_The data_:
__________________________________________________
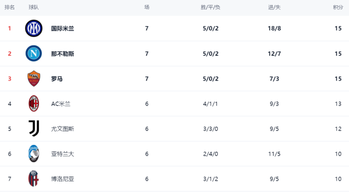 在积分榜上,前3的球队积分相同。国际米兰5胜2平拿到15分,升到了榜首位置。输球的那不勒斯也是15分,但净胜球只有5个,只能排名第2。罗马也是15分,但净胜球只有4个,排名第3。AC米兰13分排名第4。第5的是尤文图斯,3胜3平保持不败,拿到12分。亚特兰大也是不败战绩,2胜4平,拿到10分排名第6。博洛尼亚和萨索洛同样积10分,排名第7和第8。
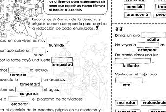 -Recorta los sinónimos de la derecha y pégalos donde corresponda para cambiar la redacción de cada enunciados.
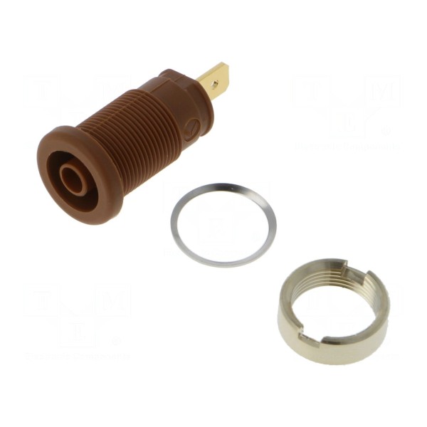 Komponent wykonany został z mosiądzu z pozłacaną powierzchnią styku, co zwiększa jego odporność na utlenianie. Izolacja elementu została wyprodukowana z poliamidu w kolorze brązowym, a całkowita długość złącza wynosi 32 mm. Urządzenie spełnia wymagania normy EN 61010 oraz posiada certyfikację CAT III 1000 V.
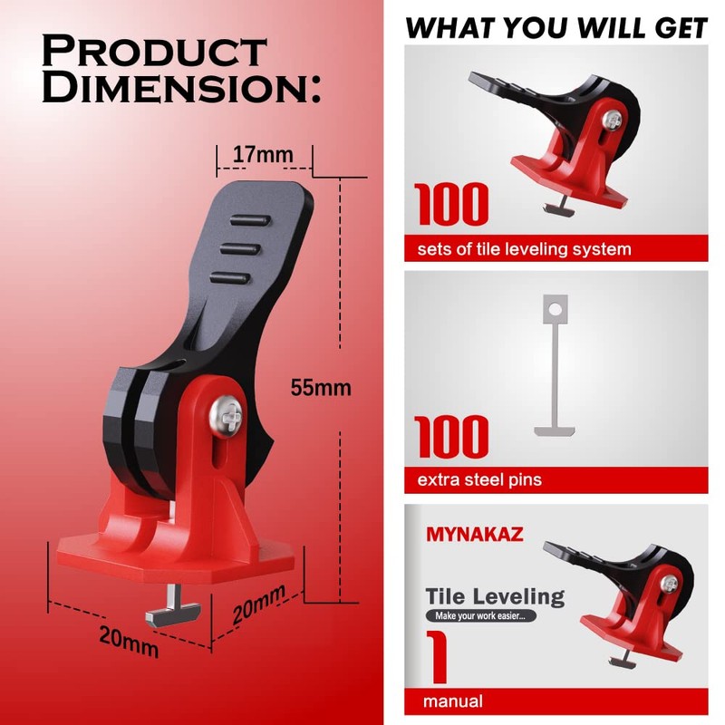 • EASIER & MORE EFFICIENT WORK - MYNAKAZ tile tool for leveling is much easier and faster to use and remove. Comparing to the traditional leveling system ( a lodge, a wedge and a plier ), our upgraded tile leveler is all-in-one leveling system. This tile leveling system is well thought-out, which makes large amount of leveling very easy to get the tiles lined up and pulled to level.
__________________________________________________
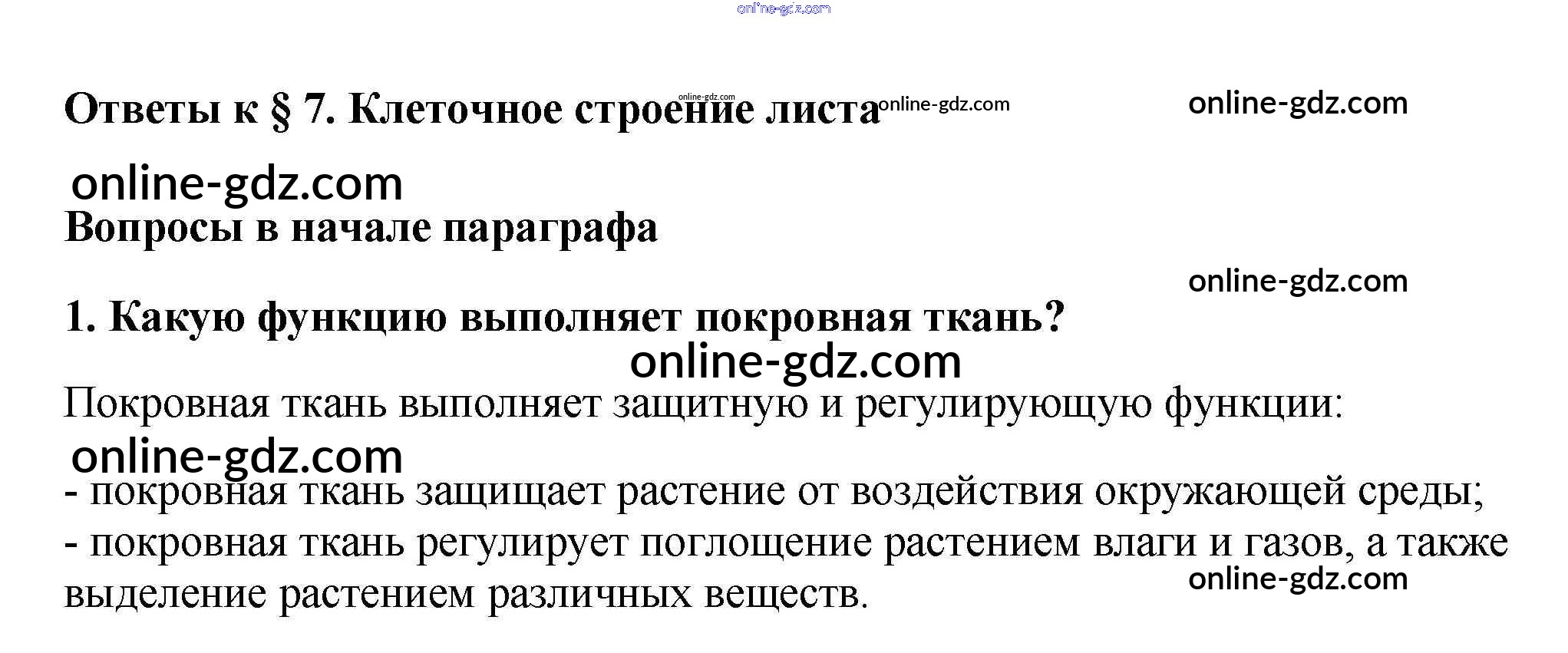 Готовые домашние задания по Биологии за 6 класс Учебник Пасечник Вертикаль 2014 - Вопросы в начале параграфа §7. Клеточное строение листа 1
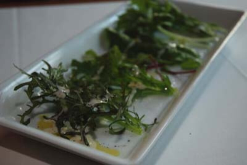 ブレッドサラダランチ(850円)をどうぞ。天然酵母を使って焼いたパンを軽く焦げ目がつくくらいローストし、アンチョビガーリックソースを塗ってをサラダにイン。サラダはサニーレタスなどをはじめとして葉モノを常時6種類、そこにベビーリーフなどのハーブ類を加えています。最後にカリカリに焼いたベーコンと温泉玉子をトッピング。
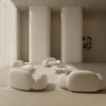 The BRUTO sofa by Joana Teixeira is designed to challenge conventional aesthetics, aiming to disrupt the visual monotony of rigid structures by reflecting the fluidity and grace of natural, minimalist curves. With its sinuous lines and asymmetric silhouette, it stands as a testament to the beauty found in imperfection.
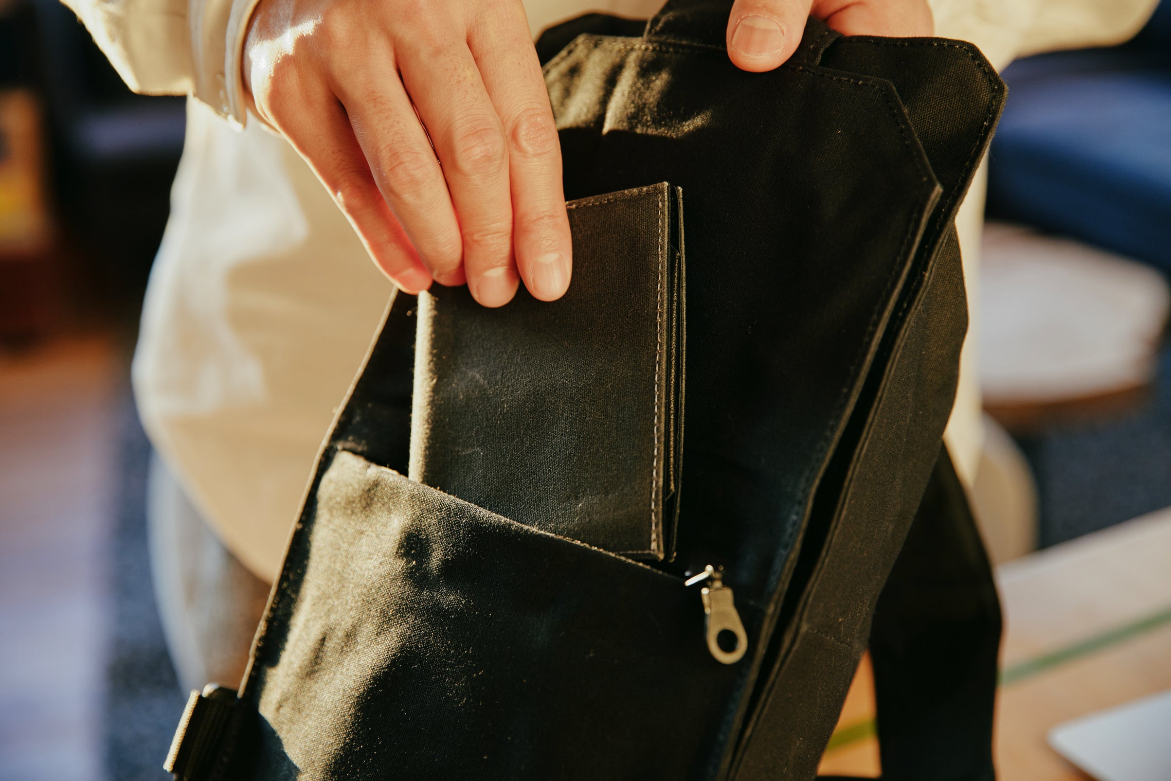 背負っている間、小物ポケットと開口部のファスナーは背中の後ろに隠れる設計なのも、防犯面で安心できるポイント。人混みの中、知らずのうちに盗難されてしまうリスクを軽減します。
__________________________________________________
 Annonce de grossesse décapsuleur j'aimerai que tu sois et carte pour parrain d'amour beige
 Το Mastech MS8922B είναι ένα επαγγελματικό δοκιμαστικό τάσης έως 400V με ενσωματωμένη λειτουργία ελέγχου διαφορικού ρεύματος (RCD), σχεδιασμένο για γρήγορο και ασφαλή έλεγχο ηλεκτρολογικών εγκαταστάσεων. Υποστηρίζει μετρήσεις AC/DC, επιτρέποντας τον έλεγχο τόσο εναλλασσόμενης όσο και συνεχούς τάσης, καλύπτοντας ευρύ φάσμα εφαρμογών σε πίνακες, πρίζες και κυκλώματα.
__________________________________________________
_Exercise directions_: Your answer must be the exact lines from the records above, from the one containing "Готовые домашние задания" through the one containing "背負っている間、小物ポケット", both included, with every picture left out.

_Answer to this task_:
 Готовые домашние задания по Биологии за 6 класс Учебник Пасечник Вертикаль 2014 - Вопросы в начале параграфа §7. Клеточное строение листа 1
 ブレッドサラダランチ(850円)をどうぞ。天然酵母を使って焼いたパンを軽く焦げ目がつくくらいローストし、アンチョビガーリックソースを塗ってをサラダにイン。サラダはサニーレタスなどをはじめとして葉モノを常時6種類、そこにベビーリーフなどのハーブ類を加えています。最後にカリカリに焼いたベーコンと温泉玉子をトッピング。
 The BRUTO sofa by Joana Teixeira is designed to challenge conventional aesthetics, aiming to disrupt the visual monotony of rigid structures by reflecting the fluidity and grace of natural, minimalist curves. With its sinuous lines and asymmetric silhouette, it stands as a testament to the beauty found in imperfection.
 背負っている間、小物ポケットと開口部のファスナーは背中の後ろに隠れる設計なのも、防犯面で安心できるポイント。人混みの中、知らずのうちに盗難されてしまうリスクを軽減します。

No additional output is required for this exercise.